Definition of a soulmate
A soulmate is a person to whom you can reveal your real self. Even if they are not your perfect match. A soulmate plays the role of a mirror. They reflect back the aspects of your personality that are stopping you from revealing your true colours.
Pop culture has given all of us a similar vision of a soulmate. But is it, the real one?
Here is a story about someone who found their soulmate and fell in love with them.
When I was a little girl I imagined that my soulmate would be the person I meet and fall in love with. That we’d spend our lives together. I thought so because this was what novels, poems, songs and films said it is. I wanted, craved for this love. When I was still a child, my heart was wide open, I was impatient to find such kind of love. I was not afraid but couldn’t realize how weak I was. Only wanted to experience this incredible feeling.
But I understood that this kind of love is all around. It comes from our spirit, from our soul. That’s what I’ve learnt from my love experience. We could revive love easily. Even if it is sometimes hidden. This could happen when we meet other people. Or if we have contact with animals. And even if spend some time in nature. I understood that through our experiences we ourselves become a physical form of love.

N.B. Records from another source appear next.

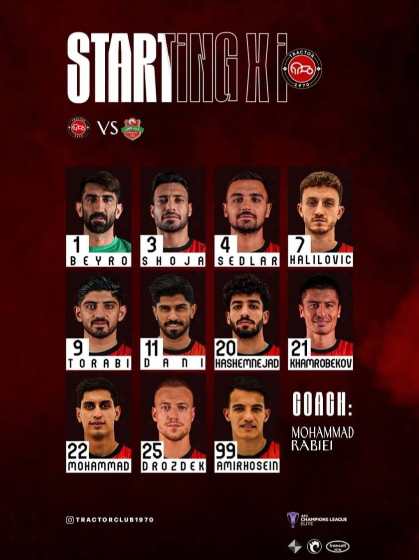 Elit Osiyo Chempionlar Ligasi 1/16 final bosqichidan o‘rin olgan “Traktor” — “Shabab Al-Ahli” uchrashuvi uchun Eron klubining asosiy tarkibi bilan tanishing. Legionerimiz Odilbek Hamrobekov maydonda ilk daqiqalardan harakat qiladi.
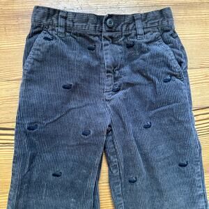 dark gray corduroy, cotton, whales embroidered, adjustable waist
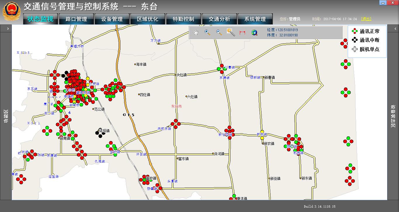 基于GIS地圖形式的信號控制系統中心綜合信息(路網交通流、設備運行狀態及基礎狀態)顯示:
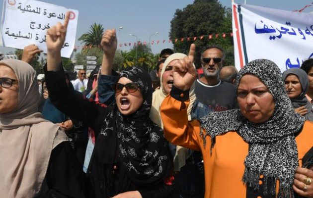 Χιλιάδες ισλαμιστές έκαναν πορεία το Σάββατο από το κέντρο της πρωτεύουσας της Τυνησίας, Τύνιδα, προς το προάστιο Μπαρντό διαδηλώνοντας κατά της ισότητας των φύλων.
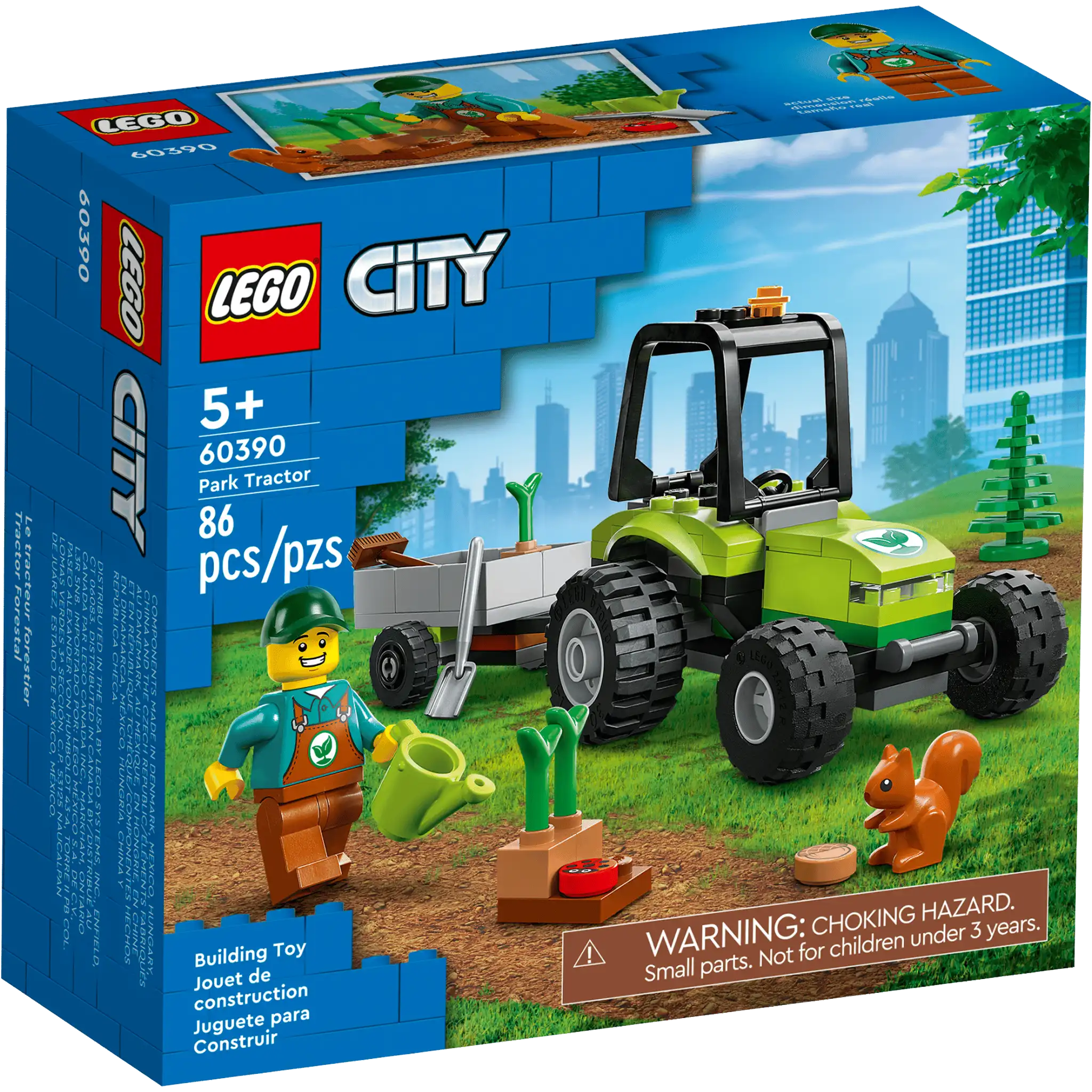 Les enfants partent en expédition pour planter des arbres avec Le tracteur forestier LEGO® City (60390), qui inclut un tracteur avec une remorque, un arbre, de jeunes plants et des outils de jardinier, ainsi qu’une minifigurine de jardinier, une coccinelle et un écureuil.
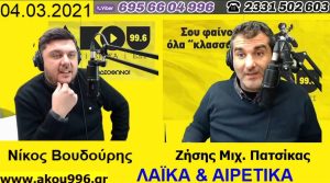 99,6 «Λαϊκά και Αιρετικά» της Πέμπτης 4 Μαρτίου 2021, με τους Ζήση Μιχ. Πατσίκα και Νίκο
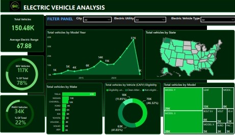 The EV analysis dashboard provides a detailed view of various aspects of electric vehicles, including market trends, sales performance, charging infrastructure, and environmental impact. It leverages data visualization to offer insights that can inform business strategy, policy-making, and consumer behavior.
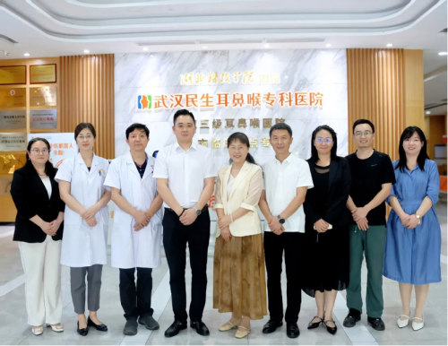 为探索医学教育改革的新路径,促进校院协作的全面升级,2025年6月24日下午,湖北科技学院口腔与眼视光医学院院长周燕红携党委副书记程鹏、学工办主任周彦一行前往湖北科技学院附属耳鼻喉医院(武汉民生耳鼻喉专科医院)进行调研指导。此次调研由民生五官科医疗集团常务副总兼武汉院区院长禹爽、医疗院长姚行齐、行政院长陈洪俊、院办主任刘琛、人力资源总监曾艳和行政副总监彭慧芳全程陪同。
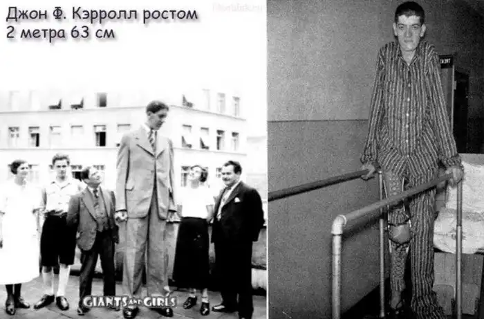 Американец Джон Кэрролл в детстве ничем не отличался от своих сверстников. Его рост небывалыми темпами начал увеличиваться в возрасте 16 лет. Практически сразу начались проблемы со спиной и суставами. Нагрузка на позвоночник привела к его искривлению, парню стало тяжело передвигаться. Джон неоднократно проходил курсы лечения, но они не давали желаемых результатов. Умер мужчина в возрасте 36 лет.
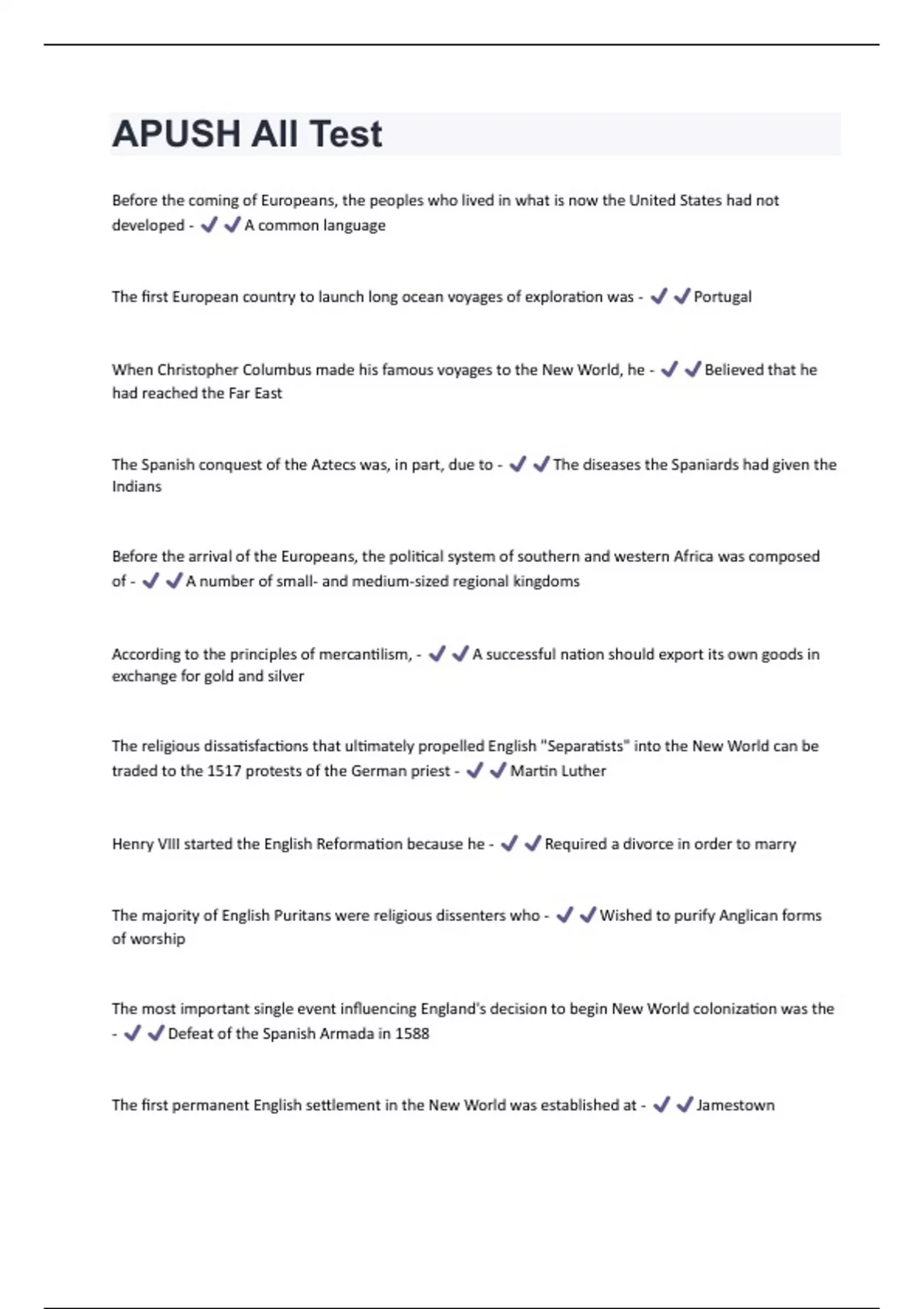 Before the coming of Europeans, the peoples who lived in what is now the United States had not developed - A common language The first European country to launch long ocean voyages of exploration was - Portugal When Christopher Columbus made his famous voyages to the New World, he - Believed that he had reached the Far East The Spanish conquest of the Aztecs was, in part, due to - The diseases the Spaniards had given the Indians Before the arrival of the Europeans, the political system of southern and western Africa was composed of - A number of small- and medium-sized regional kingdoms According to the principles of mercantilism, - A successful nation should export its own goods in exchange for gold and silver The religious dissatisfactions that ultimately propelled English "Separatists" into the New World can be traded to the 1517 protests of the German priest - Martin Luther Henry VIII started the English Reformation because he - Required a divorce in order to marry The majority of English Puritans were religious dissenters who - Wished to purify Anglican forms of worship The most important single event influencing England's decision to begin New World colonization was the - Defeat of the Spanish Armada in 1588 The first permanent English settlement in the New World was established at - JamestownCivilizations in the Americas before the arrival of Columbus - Included elaborate and sophisticated cultures that rivaled those of Europe The Treaty of Tordesillas contained a provision to - Divide the Americas between Spain and Portugal to colonize The Coureurs des Bois relationship with Indians differed from the English because - They formed successful partnerships with Indians by becoming a part of native society and intermarrying An assumption that the English learned in Ireland and brought to their American settlements was - English colonial settlements must remain separated from native populations
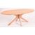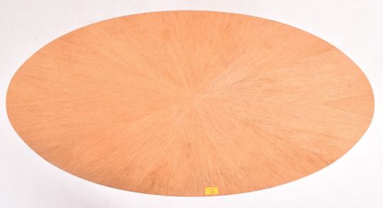 A contemporary designer light oak coffee table / low table. The table having an oval top raised on four Atomic spider leg supports.

We want to recognize ourselves in someone
Another lesson I learnt is that when we search for love we search for ourselves. We need someone in who we could recognize our personality. I will tell you about the first love in my life. It’s the love coming from my family and the circle I was brought up in. I remember my parents’ and grandparents’ friends being around us the whole time. They were my circle, my people. We were strongly connected with each other.
I felt loved and appreciated
I want to tell you about my mom’s closest friend, Connie. She had dark hair and a slim body but her most beautiful trait was her vivid and contagious laugh, always accompanied by a broad smile. She was a woman with a free spirit and used to take me from daycare with her Volkswagen bug. Then the whole afternoon we’d giggle, play or have a delicious snack. She would make pictures which she’d show me later. These were the first photos I’d seen. They were black and white at the time and nature looked amazing on them. In these moments I realized how connected with it we are.
A different kind of love
Connie moved to live in Austin some years later. However, she stayed close to my family and visited us often. She loved camping and always took me and my brother with her. Every time she came to our place, she preferred staying outside and camped there instead of sleeping in the house. She exchanged her VW Bug for an old-fashioned Volkswagen bus and named it “Oscar.” It was teal and had a huge VW emblem in the front with a tire. She used to come by this bus every time she visited my family. And I and my brother spent all evenings with her on the bus which she always parked in front of the house.
Connie loved me and I felt the same for her. She showed me a different kind of love. Love which taught me how to play. Love that stimulated my spirit for adventures and my creativity.